▶ [ACTIVITY]
Copy the lines below, please, starting with the one that contains "2008年12月27日,甬台温高速公路奉化服务区开工典礼" and ending with the last. Pictures stay out.

▶ [STORED DATA]
━━━━━━━━━━

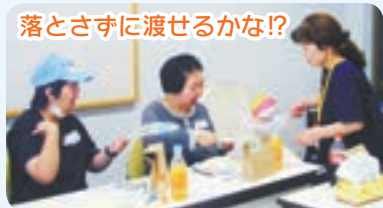
落とさずに渡せるかな!?

今回、初めてピアサポート事業に参加した人からは「きれいな模様ができて、とても楽しかった。また参加したい」と感想を聞くことができ、スタッフにとっても思い出に残る楽しい一日となりました。
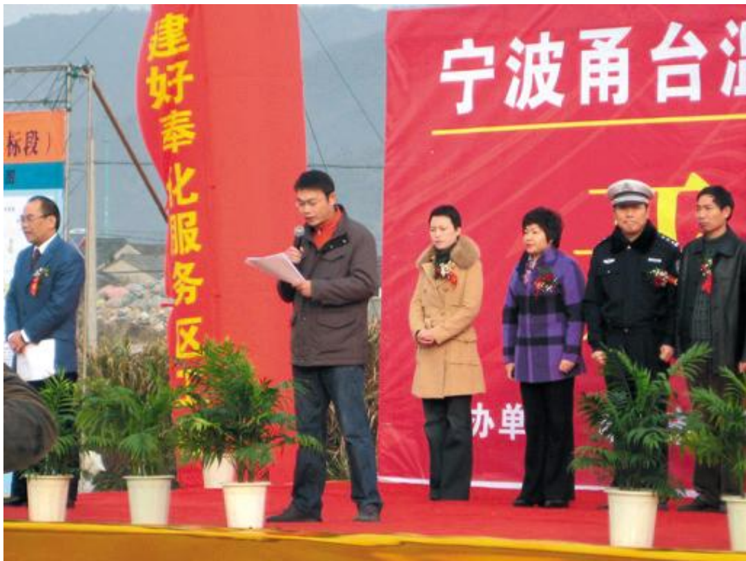
2008年12月27日,甬台温高速公路奉化服务区开工典礼
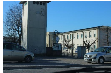
RIGA 7 (Indizio: ci vai per studiare, PLURALE)
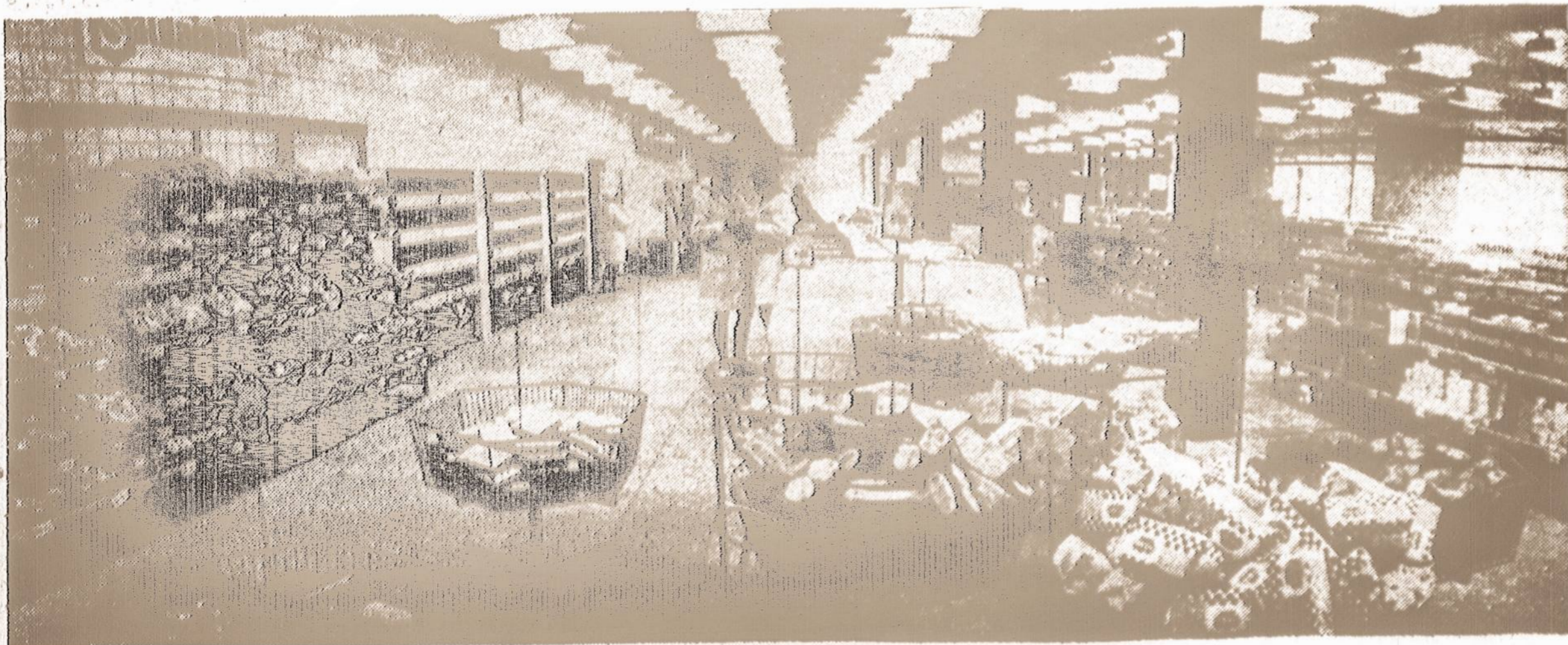
SUPERMARKETAS LIETUVOJE. - Naujame Vilniaus priemiestyje Žirmūnuose įsteigtas ir amerikoniško stiliaus supermarketas, kuris aptarnauja 5,000 pirkėjų kasdien. Parduotuvė ir Lietuvoje vadinama "supermarketas".

━━━━━━━━━━

▶ [SOLUTION FOR THIS TASK]
2008年12月27日,甬台温高速公路奉化服务区开工典礼
RIGA 7 (Indizio: ci vai per studiare, PLURALE)
SUPERMARKETAS LIETUVOJE. - Naujame Vilniaus priemiestyje Žirmūnuose įsteigtas ir amerikoniško stiliaus supermarketas, kuris aptarnauja 5,000 pirkėjų kasdien. Parduotuvė ir Lietuvoje vadinama "supermarketas".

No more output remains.